Well-liked cannabis industry leader Issac Dietrich was ousted by the Board of Directors of MassRoots (MSRT) in a vote that was held on Monday. The Chief Executive Officer of MassRoots was voted out as the company continued to burn cash and the stock price was plummeting. Scott Kveton has been named the new Chief Executive Officer.

Some members of the company’s board (and supposedly including Kveton)  had been unhappy with Dietrich’s decision to acquire CannaRegs for $12 million. Several in the cannabis industry complained that the price was too high for the company even though private investors had been willing to pay $10 million for CannaRegs and the company had no debt and was bringing in $500,000 a year in revenues. Amanda Ostrowitz was named President of MassRoots and it had been rumored that she would ultimately be named Chief Executive Officer.

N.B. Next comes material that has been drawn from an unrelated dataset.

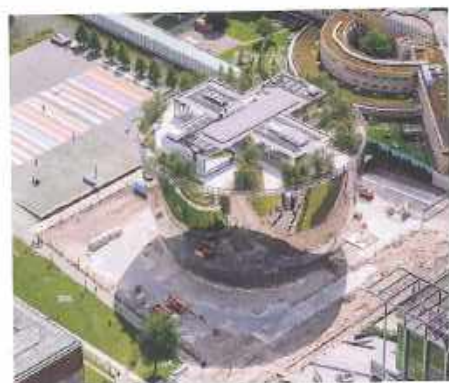
Verdwenen is de vestibule met fruitbomen – een van de drie sferen uit het oorspronkelijke ontwerp voor het Museumpark –, mede omdat de ruimte aan weerszijden van het depot te smal is om nog te spreken van een parkdeel.

van Brunier en OMA, is verdwenen – de ruimte aan weerszijden van het depot is gewoonweg te krap om nog van een parkdeel te spreken. Alleen het bord met Stadsgarage Museumpark dat boven de inrit hangt, verwijst naar een parkomgeving. De boomkruinen op het dak vallen weliswaar op, maar vanaf het maaiveld ervaar je die niet bepaald als park.

Instead, it seems Kveton orchestrated a board meeting planned for Monday to fire Dietrich, who founded the company and to date had raised over $20 million for MassRoots. Dietrich had been sending emails over the weekend to shareholders asking for their support in the battle. An inside source claims Dietrich not only had the support of the shareholders to remain but also the votes to remove the board. While Dietrich may have had a majority of the shares to keep him in place, there was no formal vote. Ostrowitz is currently out of the country and wasn’t at the board meeting.

Kveton supposedly had been very much against the CannaRegs acquisition and the idea of Ostrowitz potentially becoming CEO. Kveton was Vice President of the company prior to being named CEO and had only recently joined the company in July when his company Odava was acquired by MassRoots. Following the acquisition, Kveton was named Director of Business Development.

MassRoots had come under questioning for stock promotion activities recently in association with a company town hall meeting. At the time, Dietrich denied any knowledge of stock promotion by the company. However, one stock promoter claimed it was true and that they had been paid for stock promotion at that time. As recently as last week, MassRoots paid several thousands of dollars to have the stock promoted on websites like Stock Commander ($10,000) and Small Cap Leader ($13,000). Coincidentally ahead of this weekend’s vote. The stock rose from a low of roughly 30 cents to approximately 44 cents. The stock is now dropping over 16% to 36 cents.